### [TASK DIRECTIONS]
The finished copy must match the records exactly, except that it contains no pictures.

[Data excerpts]

'''

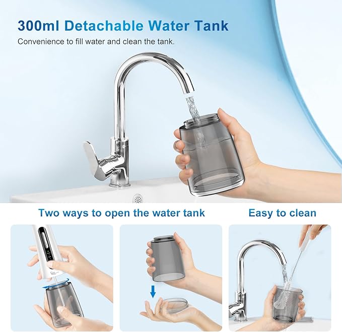 - 4 Clean Modes: JNGOODS cordless oral flossers teeth cleaner has Normal, Soft, Pulse and Power modes for choosing with Low-noise below 60db, which can meet various oral needs.
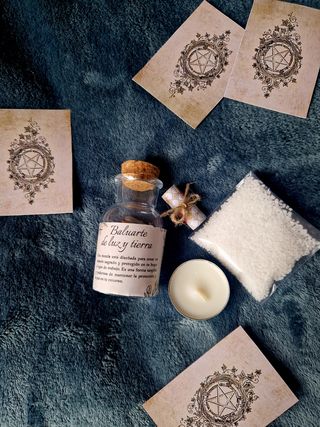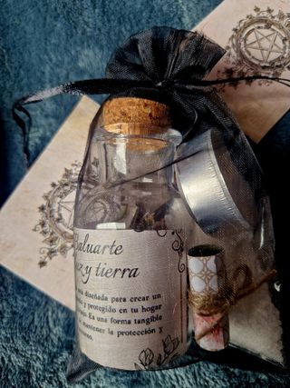 Este frasco protector aúna la fuerza purificadora de la sal, la claridad de la vela y el poder protector de las diversas hierbas que contiene. Es una forma tangible y poderosa de proteger tu espacio y a los que quieres. Contiene: Mezcla de diversas hierbas, cuarzo blanco, un pequeño papel en dónde escribir nuestro propósito, una bolsita de sal, 1 vela blanca y una tarjeta con el hechizo a realizar. Envíos certificados +8€. NO NEGOCIO POR WALLAPOP (BZUM Y ENVIO CERTIFICADO O PAGO EN MANO). NO CAMBIO. NO NEGOCIO EL PRECIO. NO CORRO CON LOS GASTOS DE ENVIO. #Hechizos#wicca#magiaverde#hierbasmagicas#rituales#regalos#magia#spells#brujas
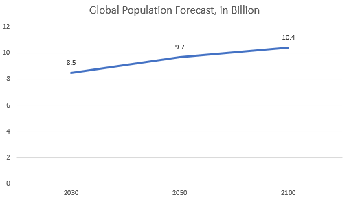 Fig: Global Population Forecast, in Billion
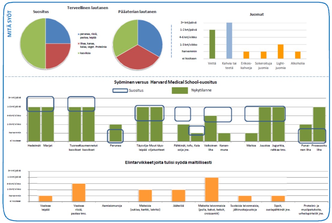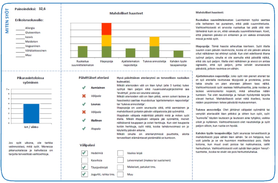 Hyvinvointinavigaattorin-raportti antaa kokonaisvaltaisen kuvan henkilön hyvinvointiin vaikuttavista tavoista ja tottumuksista. Raportissa käydään läpi:
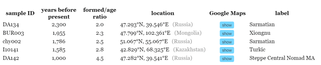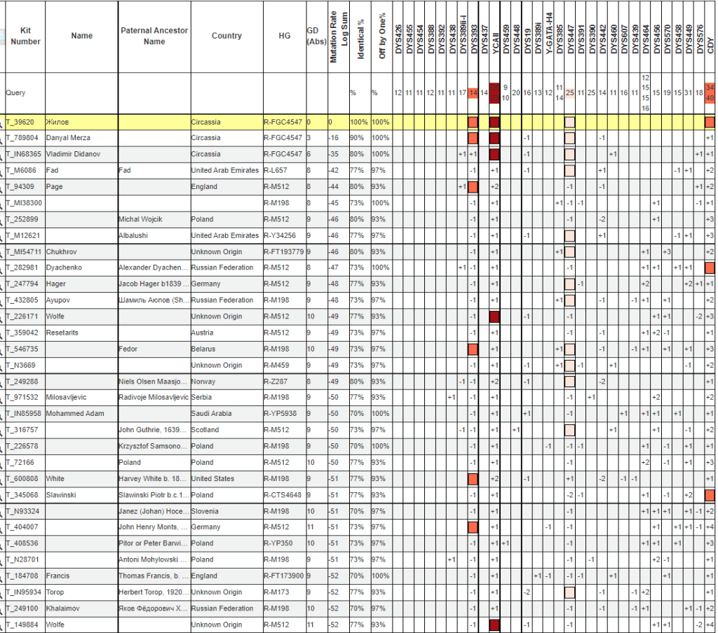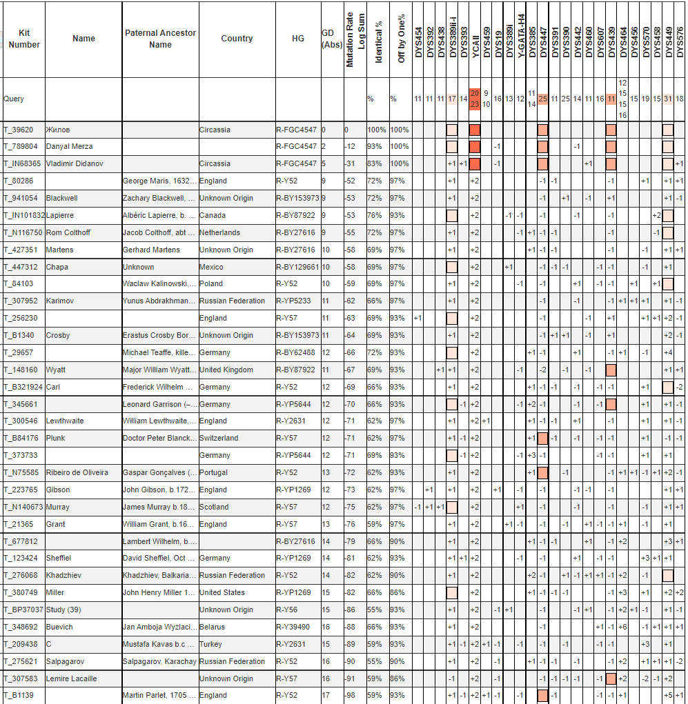 В списке совпадений есть даже представители R1b, что говорит о не репрезентативности такого сравнения. Для более показательного сравнения были отобраны результаты гарантированно попадающие в R-Y57.
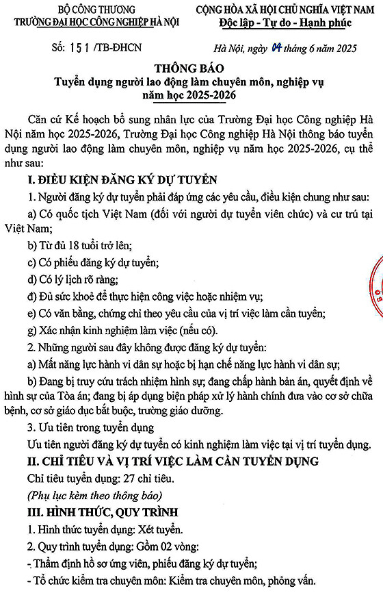 Căn cứ Kế hoạch bổ sung nhân lực của Trường Đại học Công nghiệp Hà Nội năm học 2025-2026, Trường Đại học Công nghiệp Hà Nội thông báo tuyển dụng người lao động làm chuyên môn, nghiệp vụ năm học 2025-2026, cụ thể như sau:
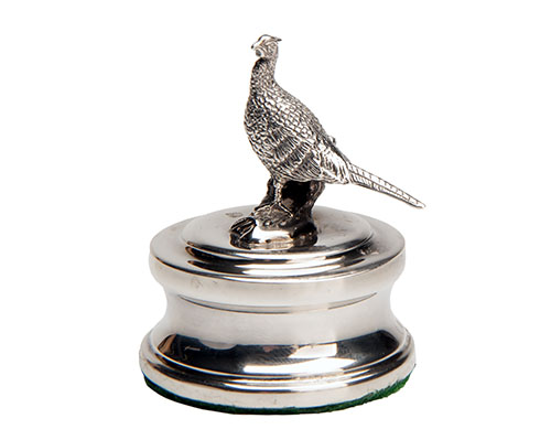 A .925 SILVER PAPERWEIGHT IN THE FORM OF A PHEASANT,
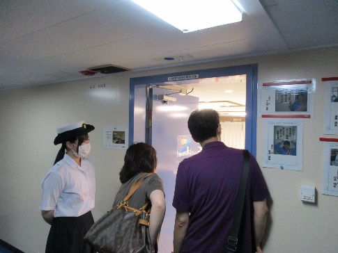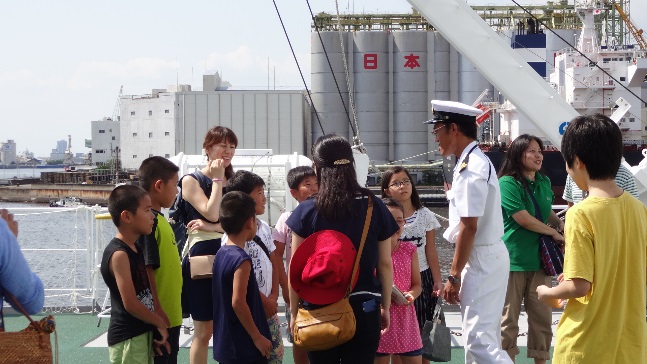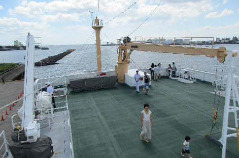 夏空の気温の高い中、船内には実習生が案内役にたち、見学者からの質問に笑顔で答えていました。親子連れはもちろんですが、年配の見学者も多数ご来場いただきました。中には昔に練習船に乗っていたという方もおり、昔を思い出しながら最新鋭の設備・船内を見学していました。
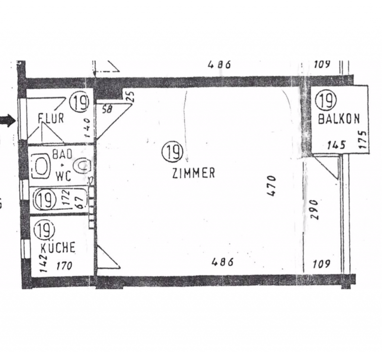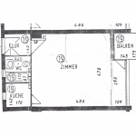 Auf einer Wohnfläche von ca. 35 m² verteilen sich ein Flur, eine Küche mit Waschmaschinenanschluss, ein Wannenbad sowie ein Wohn-/Schlafbereich mit Zugang zum Balkon.
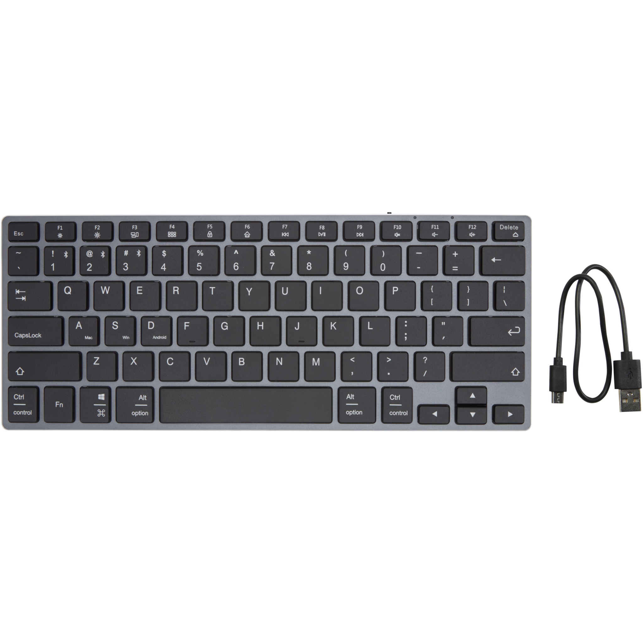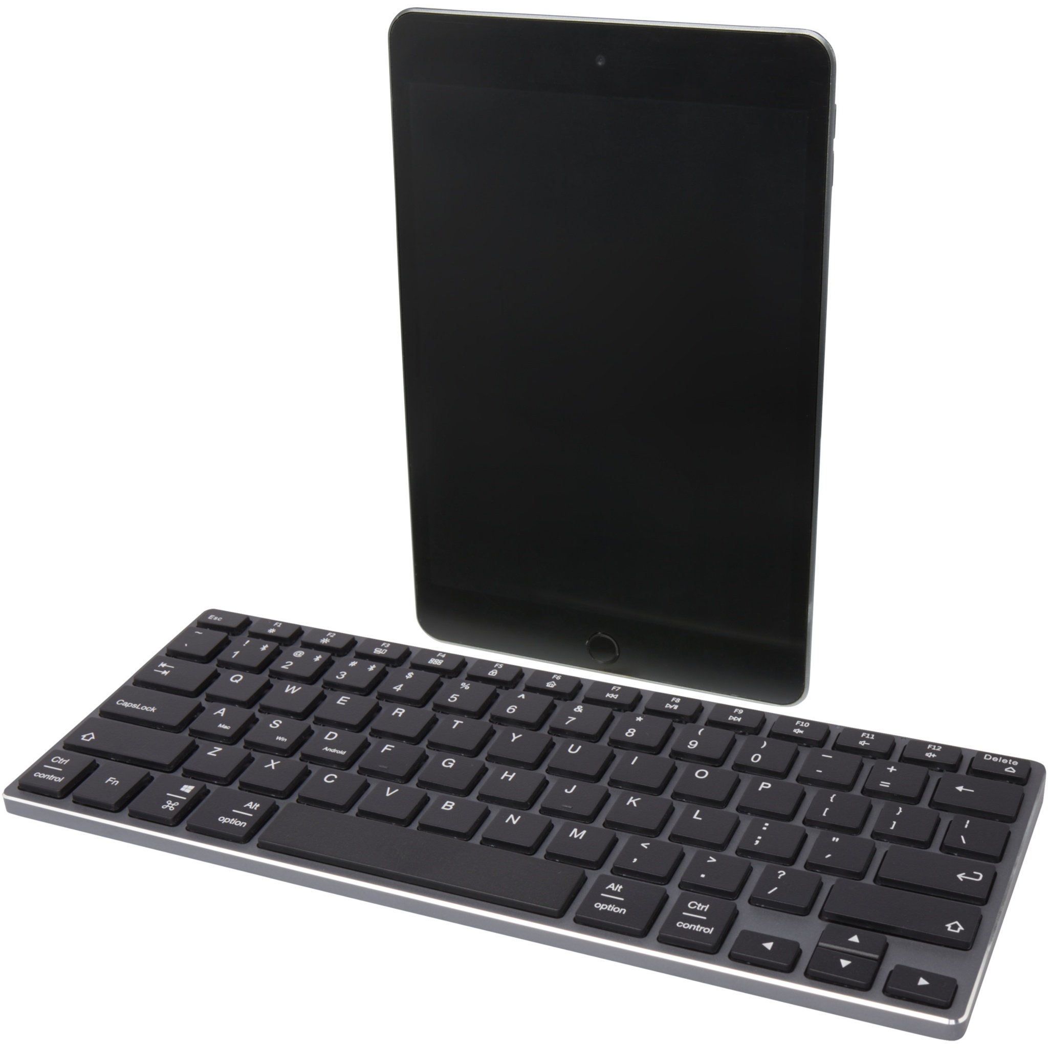 Lätt tangentbord (QWERTY-layout med 78 tangenter) med ett hållbart aluminiumhölje. Ett snyggt tillbehör när du arbetar hemifrån. Tangentbordet har Bluetooth® 4.0 för en stabil anslutning och låg strömförbrukning, och är kompatibelt med PC/bärbar dator, surfplattor, mobiltelefoner, smarta TV-apparater och andra enheter med Bluetooth®-funktion. Driftavståndet är upp till 10 meter. Standbytiden är upp till 10 månader efter en enda laddning med det inbyggda uppladdningsbara 350 mAh-batteriet. Levereras i en förstklassig kraftpapperslåda med ett färgstarkt klistermärke.
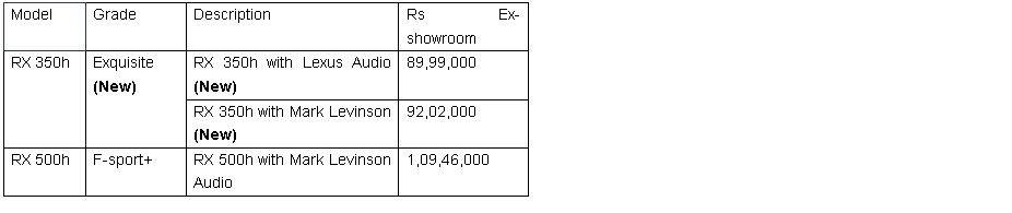 The introduction of the new RX 350h Exquisite grade starting at Rs 89,99,000 Ex-showroom onwards offers guests a wider range of options and features to choose from, while staying true to Lexus’ commitment to advanced technology and exceptional comfort. The pricing of RX 350h and RX 500h, reflect Lexus’ continued focus on delivering outstanding value.

'''

### [ANSWER BOX]
 - 4 Clean Modes: JNGOODS cordless oral flossers teeth cleaner has Normal, Soft, Pulse and Power modes for choosing with Low-noise below 60db, which can meet various oral needs.
 Este frasco protector aúna la fuerza purificadora de la sal, la claridad de la vela y el poder protector de las diversas hierbas que contiene. Es una forma tangible y poderosa de proteger tu espacio y a los que quieres. Contiene: Mezcla de diversas hierbas, cuarzo blanco, un pequeño papel en dónde escribir nuestro propósito, una bolsita de sal, 1 vela blanca y una tarjeta con el hechizo a realizar. Envíos certificados +8€. NO NEGOCIO POR WALLAPOP (BZUM Y ENVIO CERTIFICADO O PAGO EN MANO). NO CAMBIO. NO NEGOCIO EL PRECIO. NO CORRO CON LOS GASTOS DE ENVIO. #Hechizos#wicca#magiaverde#hierbasmagicas#rituales#regalos#magia#spells#brujas
 Fig: Global Population Forecast, in Billion
 Hyvinvointinavigaattorin-raportti antaa kokonaisvaltaisen kuvan henkilön hyvinvointiin vaikuttavista tavoista ja tottumuksista. Raportissa käydään läpi:
 В списке совпадений есть даже представители R1b, что говорит о не репрезентативности такого сравнения. Для более показательного сравнения были отобраны результаты гарантированно попадающие в R-Y57.
 Căn cứ Kế hoạch bổ sung nhân lực của Trường Đại học Công nghiệp Hà Nội năm học 2025-2026, Trường Đại học Công nghiệp Hà Nội thông báo tuyển dụng người lao động làm chuyên môn, nghiệp vụ năm học 2025-2026, cụ thể như sau:
 A .925 SILVER PAPERWEIGHT IN THE FORM OF A PHEASANT,
 夏空の気温の高い中、船内には実習生が案内役にたち、見学者からの質問に笑顔で答えていました。親子連れはもちろんですが、年配の見学者も多数ご来場いただきました。中には昔に練習船に乗っていたという方もおり、昔を思い出しながら最新鋭の設備・船内を見学していました。
 Auf einer Wohnfläche von ca. 35 m² verteilen sich ein Flur, eine Küche mit Waschmaschinenanschluss, ein Wannenbad sowie ein Wohn-/Schlafbereich mit Zugang zum Balkon.
 Lätt tangentbord (QWERTY-layout med 78 tangenter) med ett hållbart aluminiumhölje. Ett snyggt tillbehör när du arbetar hemifrån. Tangentbordet har Bluetooth® 4.0 för en stabil anslutning och låg strömförbrukning, och är kompatibelt med PC/bärbar dator, surfplattor, mobiltelefoner, smarta TV-apparater och andra enheter med Bluetooth®-funktion. Driftavståndet är upp till 10 meter. Standbytiden är upp till 10 månader efter en enda laddning med det inbyggda uppladdningsbara 350 mAh-batteriet. Levereras i en förstklassig kraftpapperslåda med ett färgstarkt klistermärke.
 The introduction of the new RX 350h Exquisite grade starting at Rs 89,99,000 Ex-showroom onwards offers guests a wider range of options and features to choose from, while staying true to Lexus’ commitment to advanced technology and exceptional comfort. The pricing of RX 350h and RX 500h, reflect Lexus’ continued focus on delivering outstanding value.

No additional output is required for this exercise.